Bosa finalized an agreement in August to pay the city about $21.7 million for the site, including affordable housing fees. The agreement also includes creating 25,000 square feet of public space, which Bosa will build and maintain.

The Bosa plan replaces an earlier mixed-use proposal by Triad Development and architects GGLO and Foster + Partners, which stalled after the recession.

Bonus area from the Housing Affordability Living Agenda (HALA) and the public space would allow the Bosa tower to rise 572 feet above Third. Rooftop amenity areas would add another two floors and 57 feet, for an absolute height of 629 feet.

Bosa's preferred design is for a crescent-shaped tower on the east side of the block, closer to City Hall. Its curved facade would be oriented in a northwest direction, toward Third and Cherry. The 520 condo units would be on levels three through 55. Most units would have balconies or decks. Condos would range from one- to three-bedrooms, but sizes aren't indicated. Tenants would enter mid-block on James, from the driveway.

Three retail units, indicated as cafes or restaurants and totaling 9,963 square feet, would face the public plazas and terraces. One of the retail units would have a green roof.

The public space would be divided into upper and lower plazas, with a cascading water feature on the south side of the block, continuing the City Hall water feature design by Gustafson Guthrie Nichol.

Three retail units, with cafes or restaurants, would face the public plazas and terraces.

Bosa says the new design would acknowledge the 1999 three-block Civic Square plan, and the 2005 plan by GGN and Bohlin Cywinski Jackson, which designed Seattle City Hall. Under the 2005 plan, Triad's tower would've been placed more to the north, with open space directly in front of City Hall.

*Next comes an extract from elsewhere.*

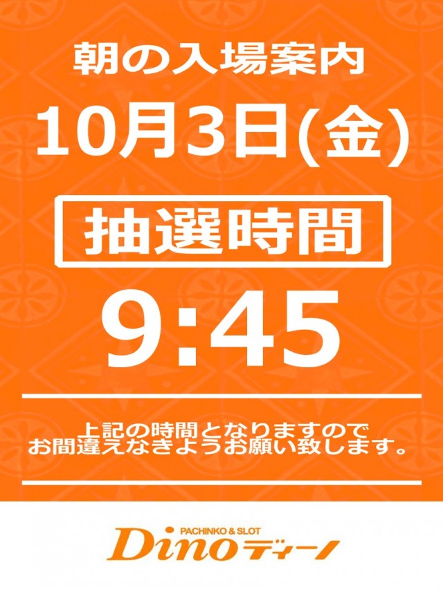 - 新台入替、または混雑時には9時45分より抽選入場
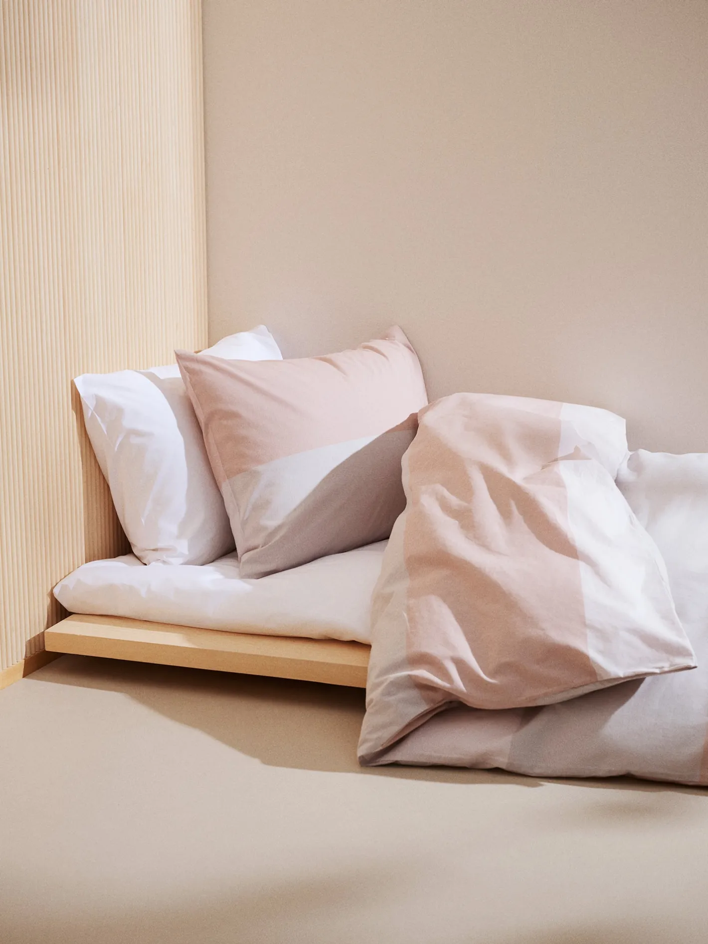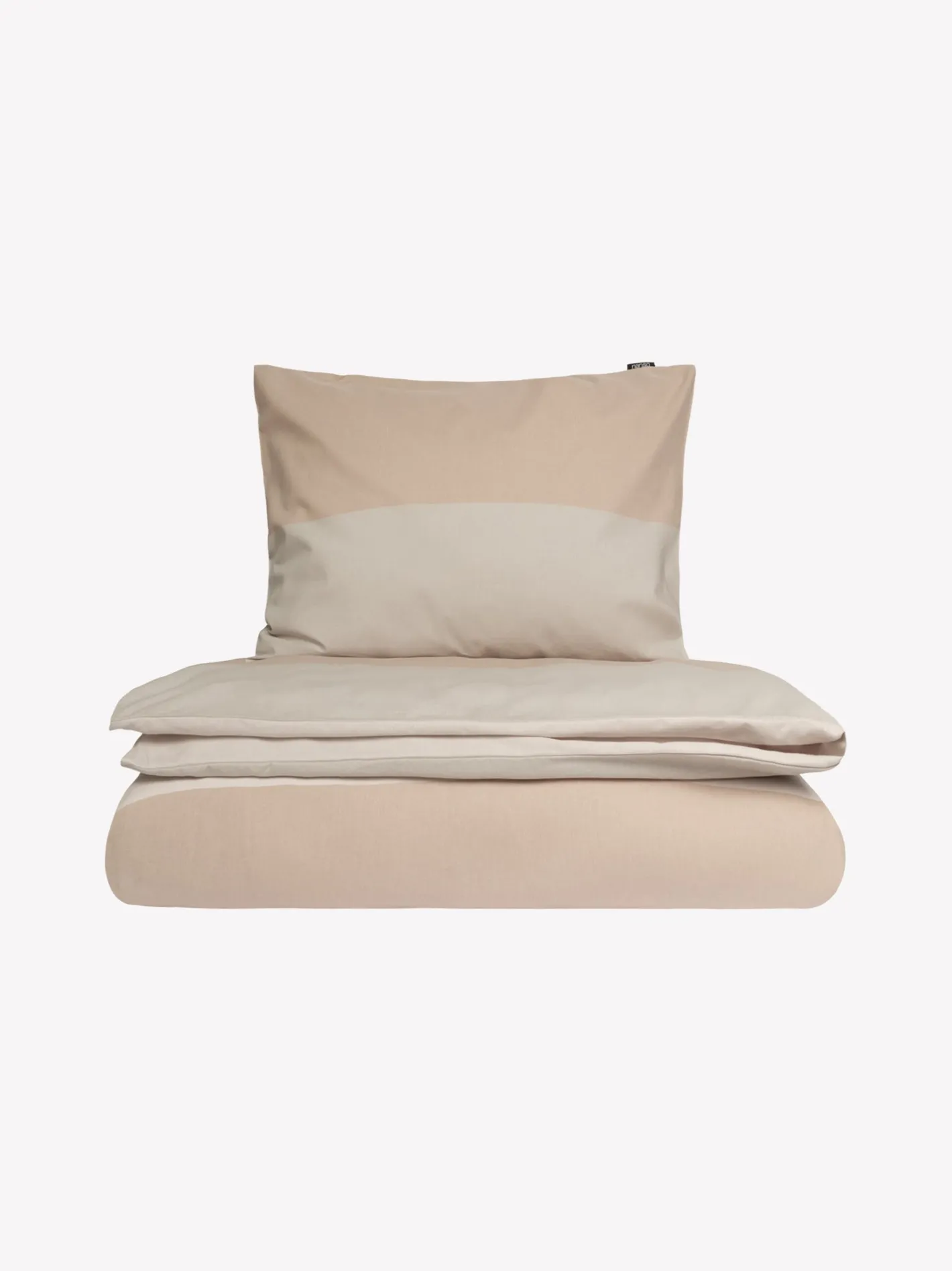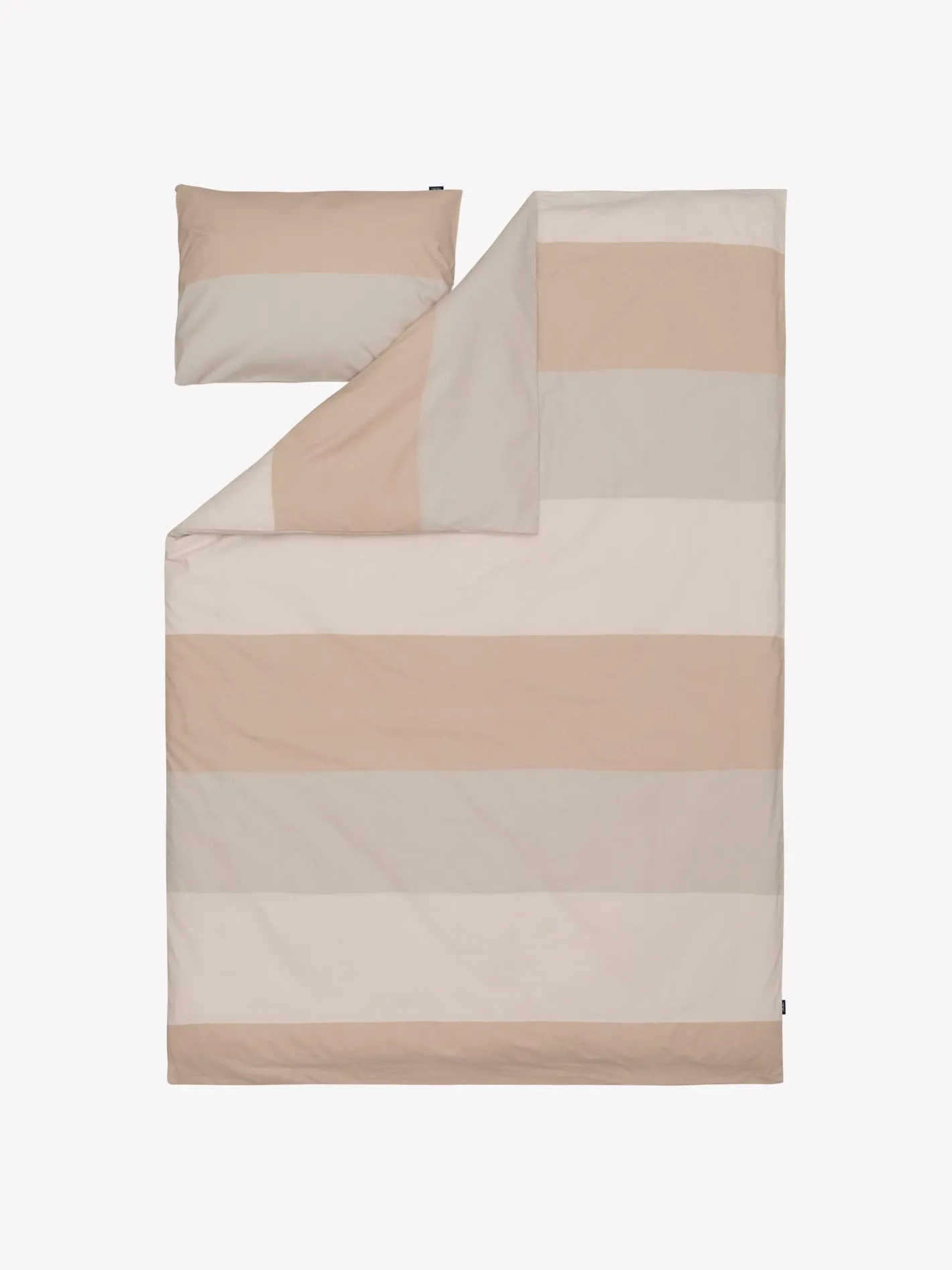 Beigessä Trio-pussilakanasetissä on kaunis leveä raitakuosi, joka tuo petaukseen modernia ilmettä. Raitakuvion aloitusväri voi vaihdella sen mukaan, mistä kohtaa kangas on leikattu, mutta raidat ovat aina saman levyisiä. Lakanan toinen puoli on yksivärinen, toinen puoli raidoitettu. Pussilakanasetti on tehty tiiviistä ja korkealaatuisesta puuvillapalttinasta. Materiaali on ihastuttavan kevyttä ja ilmavaa, ja se tuntuu miellyttävältä ihoa vasten. Pussilakanan yläosan kätevät käsiaukot helpottavat peiton petaamista. Pussilakanan koko on 150 x 210 cm ja tyynyliinan 50 x 60 cm.

In the new plan, Bosa says, “The same radial geometry that influenced the building also influences the landscape design. A series of terraces are introduced relating to the different retail spaces spread throughout the building, animating the sidewalks, the plazas, and providing an inviting, sunny, and open space for the public to enjoy.

“The plaza will be a lively, sunny area lined with coffee shops and restaurants. These services and their patios will spill out onto the plaza, promoting pedestrian activity and friendly interactions. Informal seating and a water feature will also attract people to the plaza, thus encouraging activities throughout the day.”

Movable chairs and tables, amphitheater-type steps and groves of London plane trees are also mentioned.

Bosa also says that the “view from City Hall's plaza and steps [would be] respected by lifting the eastern portion of the building off the ground.”

PFS Studio, also of Vancouver, is the landscape architect.

Parking for 640 vehicles on four underground levels would be accessed from James, with no other curb cuts.

Of the transit tunnel entrances facing the site from Third, Bosa writes, “We do plan to work with Sound Transit to cosmetically improve the entrances to the stations.”

On the west side of Third are the Lyon Building, operated by the Downtown Emergency Service Center, and the St. Charles Apartments, operated by Plymouth Housing Group. And kitty-corner to the site is the DESC's Morrison Hotel.

A prolific builder of condos in Vancouver, Bosa recently developed the Insignia in Belltown and is now working on One88 in Bellevue. Bosa generally acts as its own general contractor.

Cheng is also designing a 46-story residential tower at 2000 Third Ave. for Canadian developer Westbank.